Directions for the data below: repeat exactly the lines from the one with "Siyah inci ve" through the one with "A festive mix", both included, and omit all pictures.

**Material shown**

^^^^^^^^^^^^^^^^

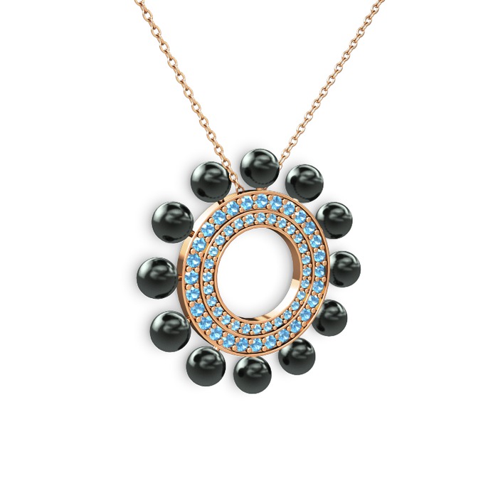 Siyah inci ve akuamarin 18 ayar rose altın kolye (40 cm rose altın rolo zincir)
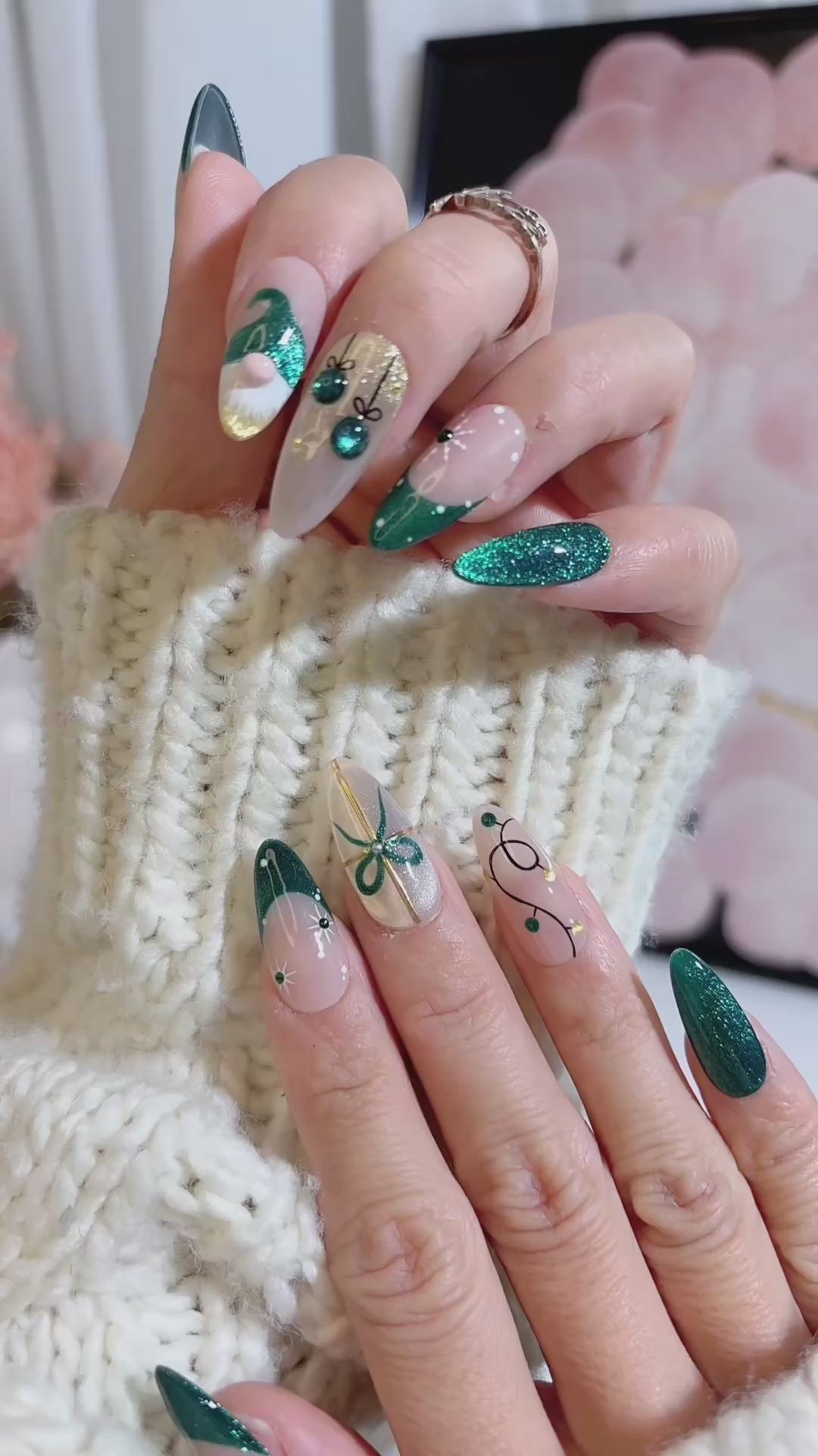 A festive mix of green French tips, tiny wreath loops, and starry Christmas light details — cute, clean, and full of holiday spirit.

^^^^^^^^^^^^^^^^

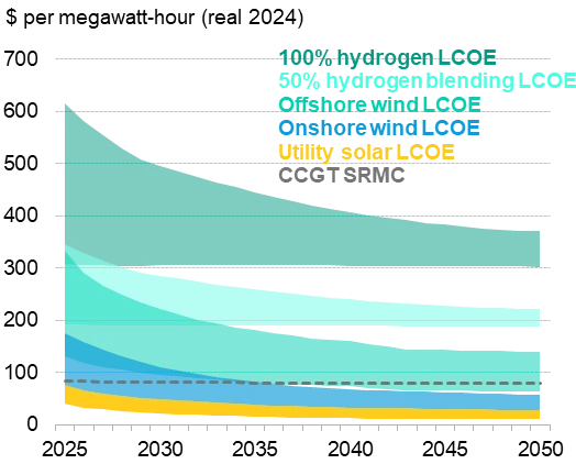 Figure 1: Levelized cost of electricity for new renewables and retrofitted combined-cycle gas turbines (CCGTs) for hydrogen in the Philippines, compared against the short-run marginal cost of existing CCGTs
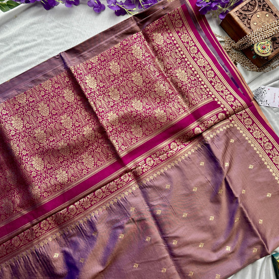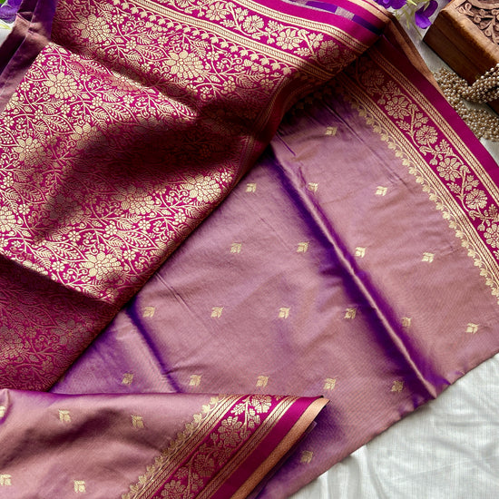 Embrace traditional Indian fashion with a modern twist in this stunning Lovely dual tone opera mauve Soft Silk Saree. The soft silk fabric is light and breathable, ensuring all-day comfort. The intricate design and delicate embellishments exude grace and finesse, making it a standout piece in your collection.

^^^^^^^^^^^^^^^^

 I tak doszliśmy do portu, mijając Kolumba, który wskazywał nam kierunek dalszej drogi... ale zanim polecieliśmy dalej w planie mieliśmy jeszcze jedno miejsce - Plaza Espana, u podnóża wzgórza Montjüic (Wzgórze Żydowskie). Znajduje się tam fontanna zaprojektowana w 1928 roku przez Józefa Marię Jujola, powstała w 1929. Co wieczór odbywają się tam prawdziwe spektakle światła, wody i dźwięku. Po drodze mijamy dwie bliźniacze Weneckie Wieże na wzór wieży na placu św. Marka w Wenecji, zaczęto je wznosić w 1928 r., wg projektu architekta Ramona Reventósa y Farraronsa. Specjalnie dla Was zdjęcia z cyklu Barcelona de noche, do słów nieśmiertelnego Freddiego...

^^^^^^^^^^^^^^^^

**Answer section**
 Siyah inci ve akuamarin 18 ayar rose altın kolye (40 cm rose altın rolo zincir)
 A festive mix of green French tips, tiny wreath loops, and starry Christmas light details — cute, clean, and full of holiday spirit.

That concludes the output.